Retail stock trading has long been a backwater of the market. Last year, however, Robinhood’s popularity grew, with its free trades using an app. Now, this newcomer trading is a trend, especially among young adults. And conventional stock trading is feeling it.

Certainly, the attractiveness of GameStop as a short sale is obvious. The chain is no one’s idea of a story stock—whose compelling business plan, executives, and prospect thrill professional stock pickers. That ain’t GameStop.

Over the past three years, the company has lost close to $2 billion. Why? Young gamers now prefer to order the goods online instead of trekking to a mall. GameStop’s revenue is falling and its stores are closing. Management last month told investors it would shutter 1,000 outlets by the end of March.

What are GameStop shares really worth, anyway? Bank of America raised its price target on the stock to just $10 per share on Wednesday, saying in a note to clients that the higher price could aid GameStop’s turnaround plans, but remained a risk for investors. Note that BofA’s price target is far below what GameStop is fetching now.

It’s hard to assess the GameStop short effect’s overall impact on hedge funds. Indeed, only some of the funds are shorting these momentum stocks. Lately, things have been looking up for hedge funds, which have suffered in recent years as they lagged the stock market. Last year, they finally beat the S&P 500, 16.6% to 15.7%, Preqin researchers found. Investor redemptions slowed markedly.

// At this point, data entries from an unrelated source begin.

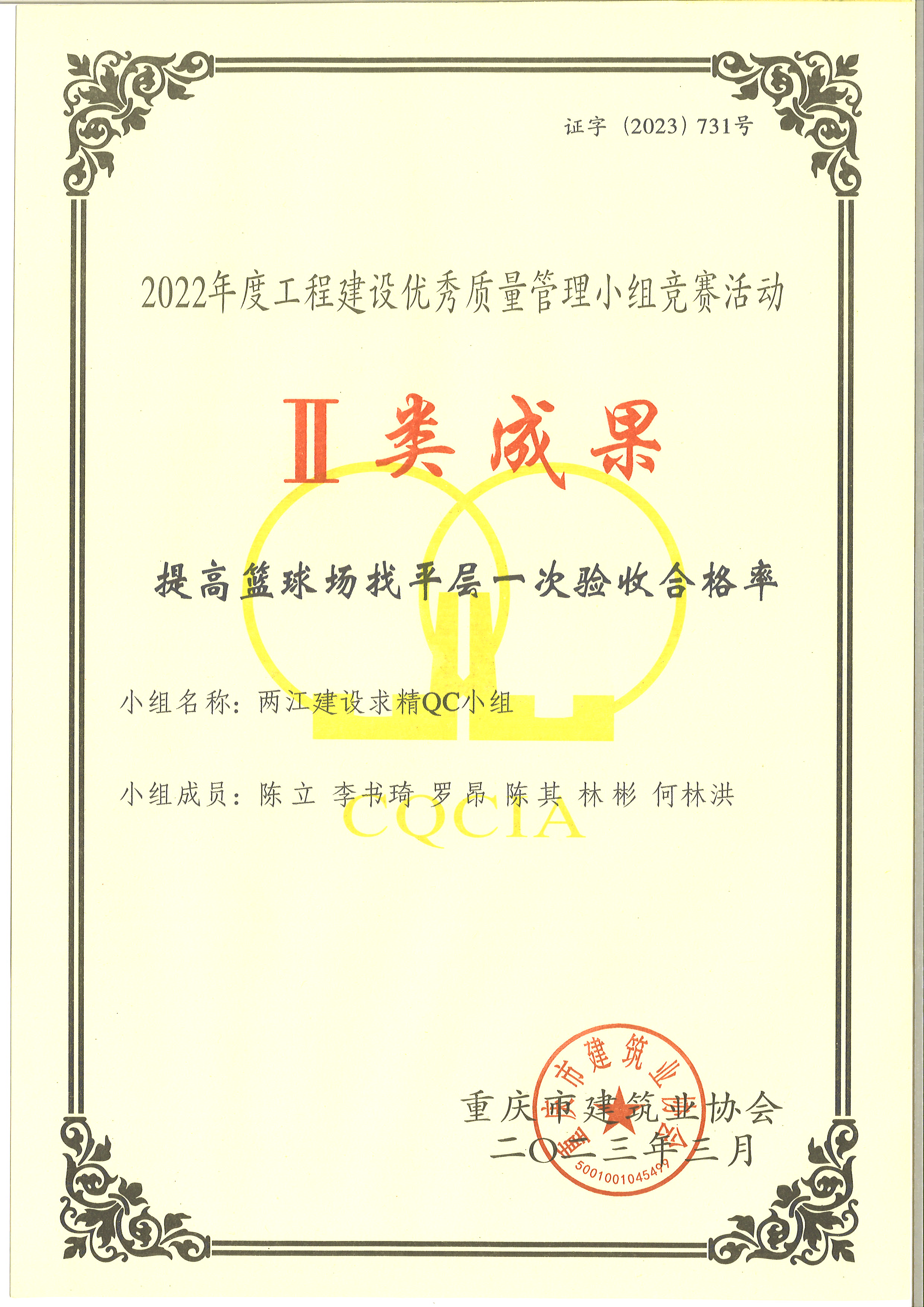 全國建設(shè)質(zhì)量管理小組活動成果大賽二類成果
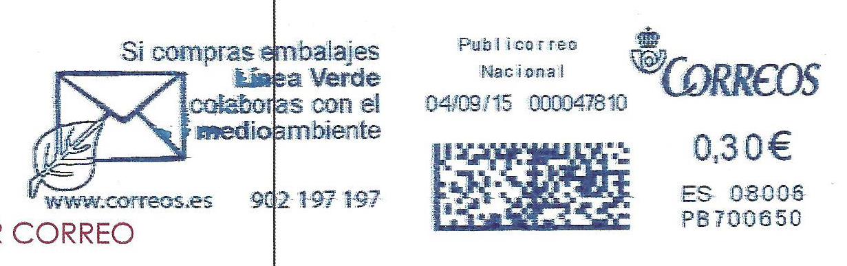 PB 700650 / Publicorreo Nacional / ES 08006 / 04/ 09/ 15.
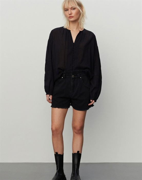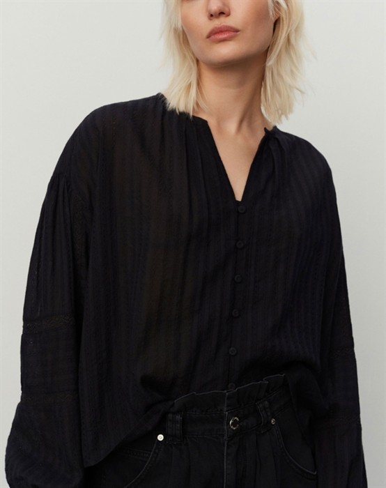 2nd Poem Skjorte - 2nddaySkøn sort skjorte med et kort snit. Fine blondedetaljer.Lange ballonærmer.Gennemknappet.
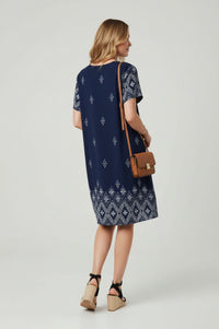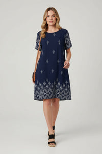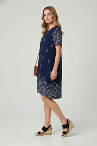 Embrace effortless style and comfort with this versatile Stella Patterned Short Sleeve Shift Dress. Designed in a relaxed shift silhouette, this navy blue dress features a classic round neckline, comfortable short sleeves, and a straight knee-length hem. Its lightweight woven fabric is adorned with striking white geometric patterns along the hem and sleeves, complemented by scattered starburst motifs across the torso. Functional side-entry pockets add practicality to its chic design. Crafted from a soft, breathable woven fabric, this dress offers a comfortable, non-stretch fit perfect for warmer days. Ideal for casual outings or daytime events, pair this versatile piece with your favourite sandals or espadrille wedges for a complete look. It’s perfect for brunch, vacation, or relaxed weekend wear. This Stella dress offers a relaxed fit; consider your usual size for comfortable wear.
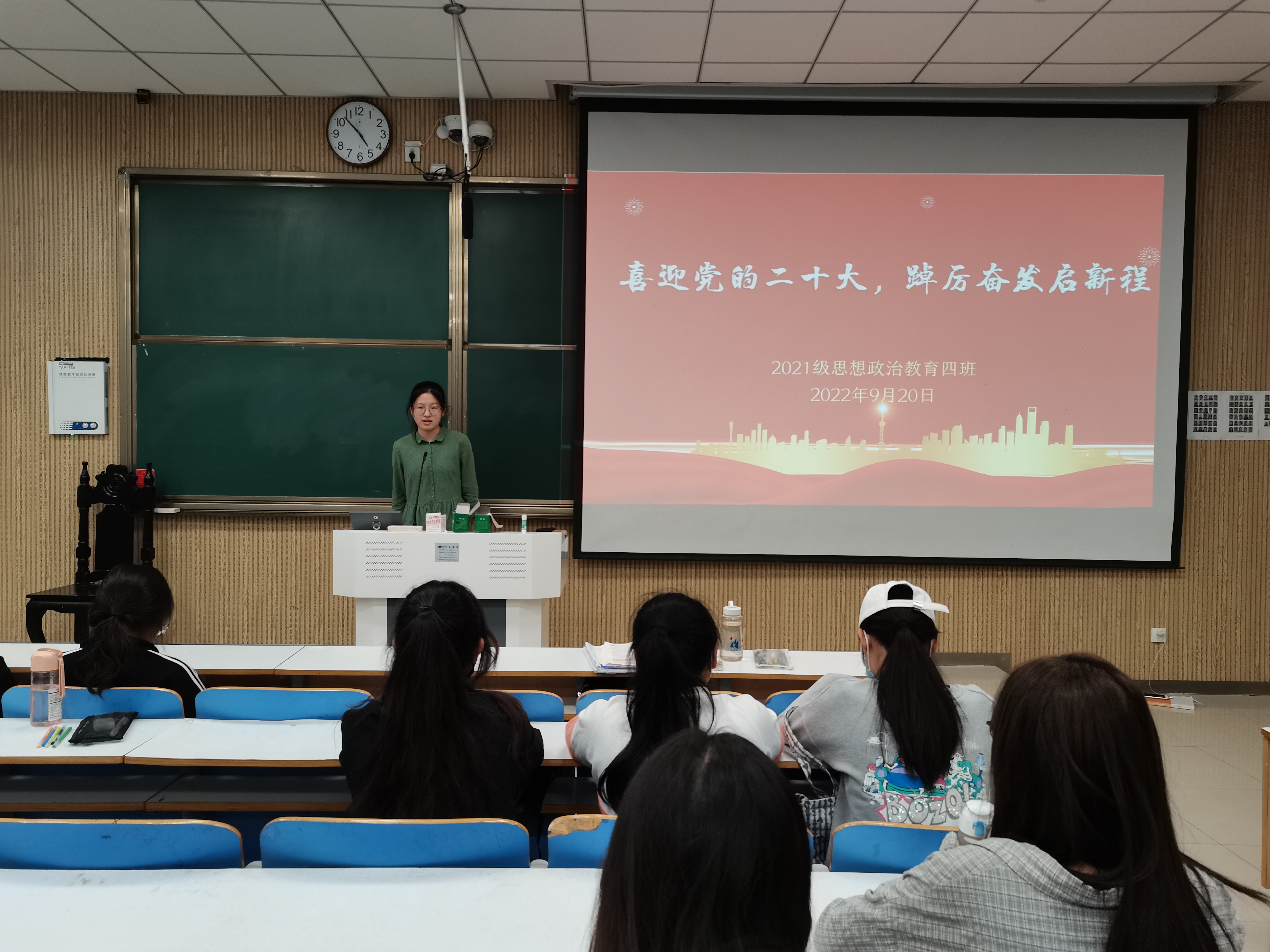 9月20日下午,ok138cn太阳集团5292021级思想政治教育四班在社科楼516教室召开“喜迎党的二十大,踔厉奋发启新程”主题团课。2021级思想政治教育四班全体同学参加本次团课。团课由团支书刘珂含主持。
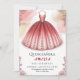 This is an elegant quinceañera invitation card. It features a beautiful illustration of a tiered, ruffled pink ball gown with sequins, centred prominently. The gown is surrounded by floral accents in shades of pink, purple, and green at the corners. The background has a soft watercolor effect with hints of gold glitter, which is also echoed in the gold glitter backing card.
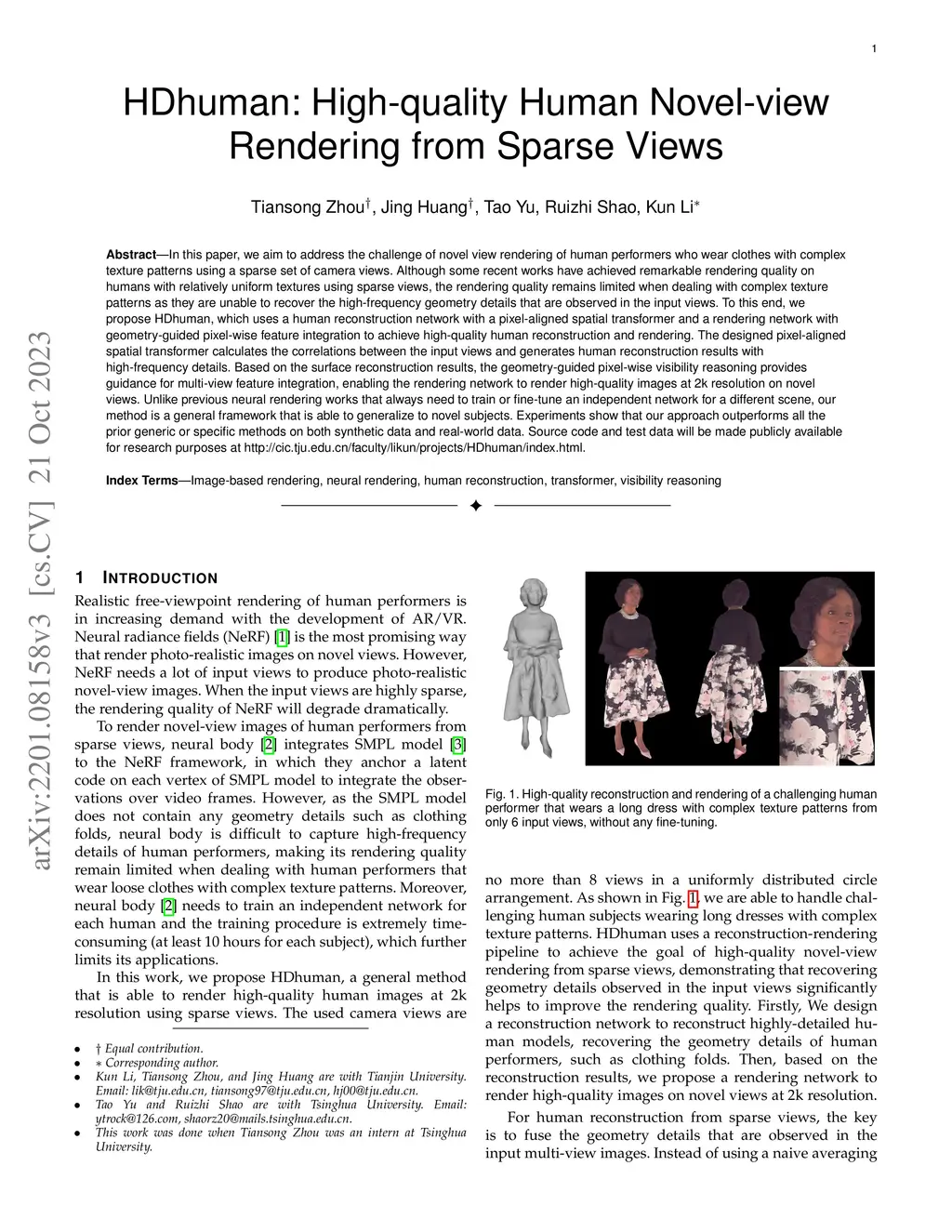 HDhuman: High-quality Human Novel-view Rendering from Sparse Views
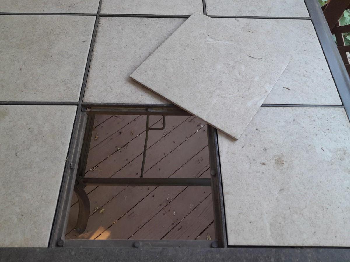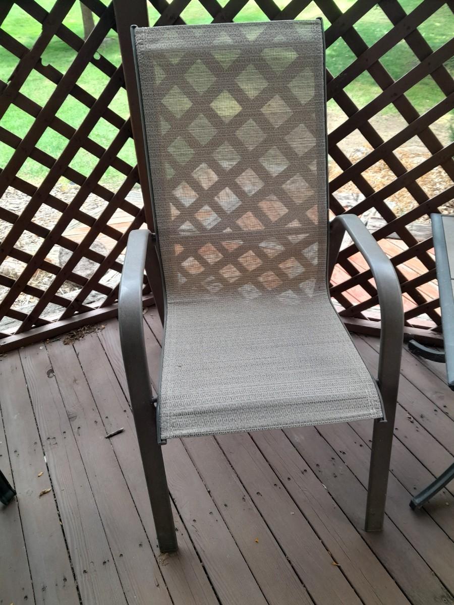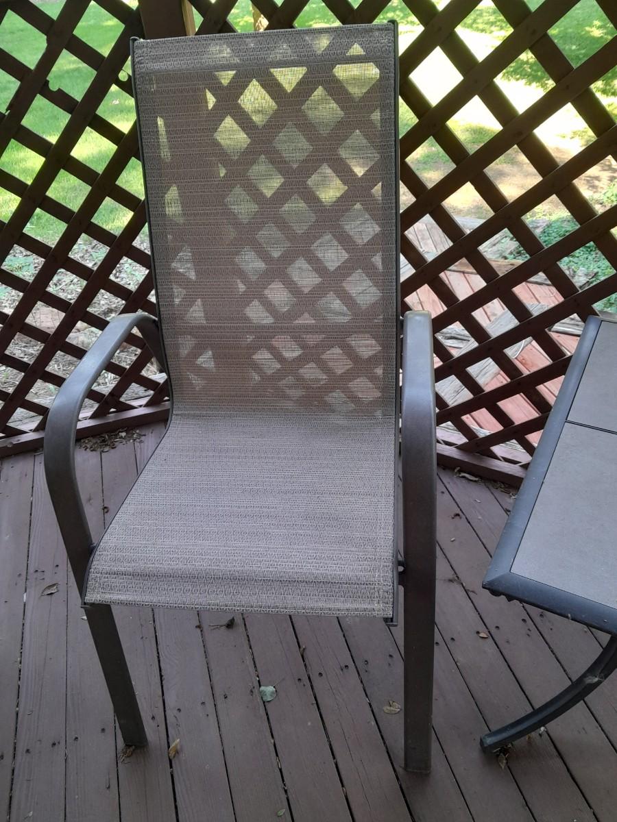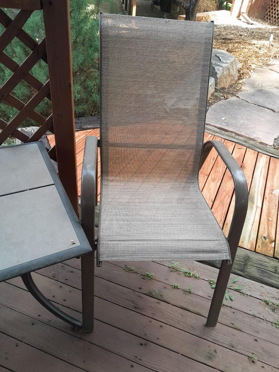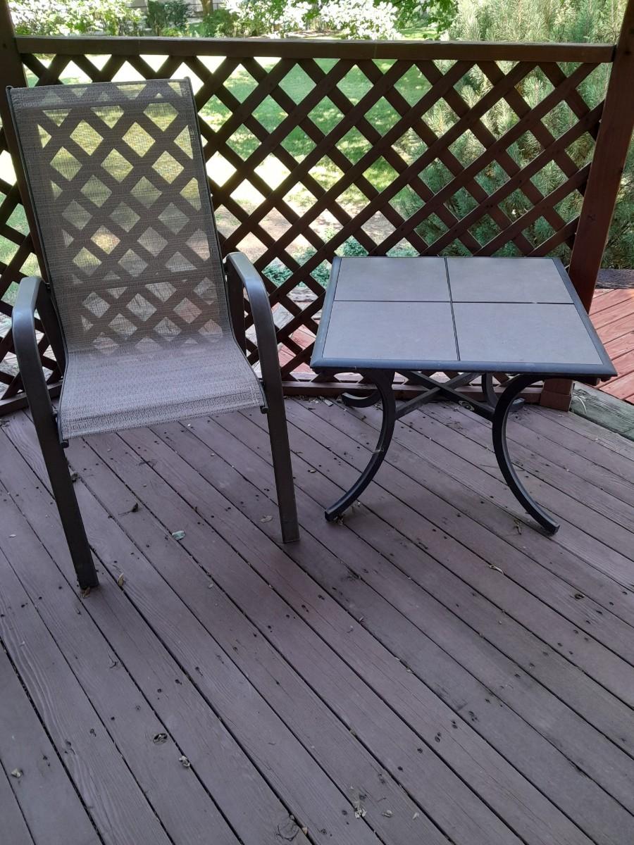 TWO PATIO CHAIRS AND A TILE TOP TABLE
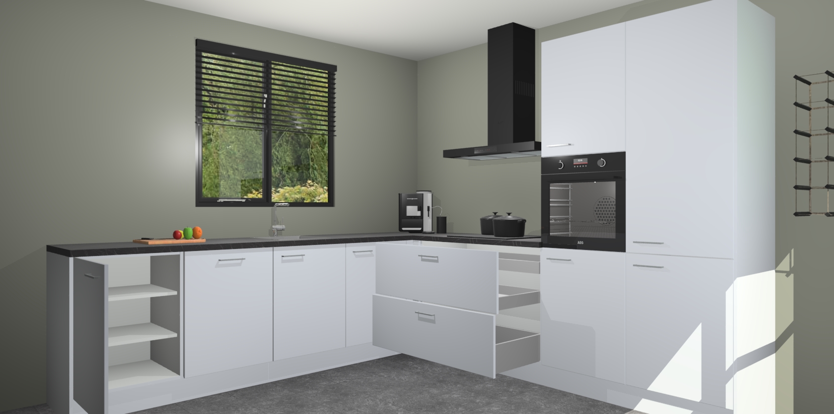 De Sneeuwwitte keuken Porto heeft 5 ingebouwde apparaten - een oven, inductiekookplaat, afzuigkap, vaatwasser en koelkast - waarmee u in een handomdraai heerlijke gerechten bereidt. Soft-close deuren zorgen voor nog meer functionaliteit en gemak. En dit alles voor een onverslaanbaar vaste prijs. En als u nu bestelt, duurt de levering maar 7 weken! Wat nog ongelooflijker is, is dat onze kasten voor gemonteerd worden geleverd.
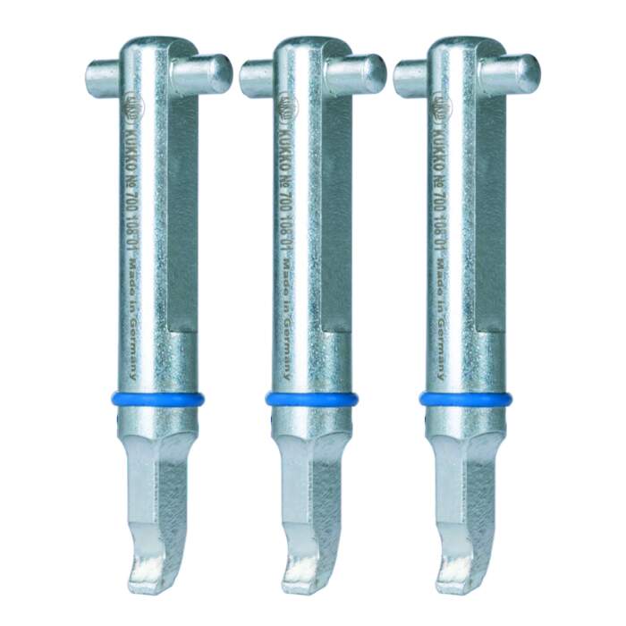 The 70-0-S series puller hook sets are suitable for 70-0 series ball bearing extractors and are used for the non-destructive extraction of deep groove ball bearings without removing the shaft. In addition to the hooks, the sets also include support rings as spare parts.

The S&P 500 dropped 2.6% on Wednesday. Although the GameStop short phenomenon probably contributed to that, the obviously larger influence was Federal Reserve Chairman Jerome Powell. On Wednesday, he gave a dour assessment of the pace of economic recovery, due to a softness in growth owing to the resurgence of COVID-19 cases.

Robinhood, ETrade, and Fidelity were among those that reportedly had technical glitches from the huge volume as the heavily shorted names like GameStop skyrocketed. Since the beginning of this month, the CBOE Volatility Index has jumped to 37 from 22.

The GameStop torpedoing of hedge funds is so profound that it has drawn interest in Washington. The White House press secretary said on Wednesday that the administration’s economics team, including Treasury Secretary Janet Yellen, is keeping an eye on the resulting turbulence.

In addition, the acting head of the Securities and Exchange Commission (SEC), Allison Herren Lee, said the SEC was “actively monitoring the ongoing market volatility in the options and equities markets” and was working with other regulators “to assess the situation and review the activities” of those involved.

The manic run-ups of GameStop and its ilk signal to many on Wall Street that the market’s long bull run may be ending. “I think this is a sign that we are getting to a top and we are going to get a pullback,” Morgan Stanley strategist Andrew Slimmon told Yahoo Finance. “That’s just one of the signs.”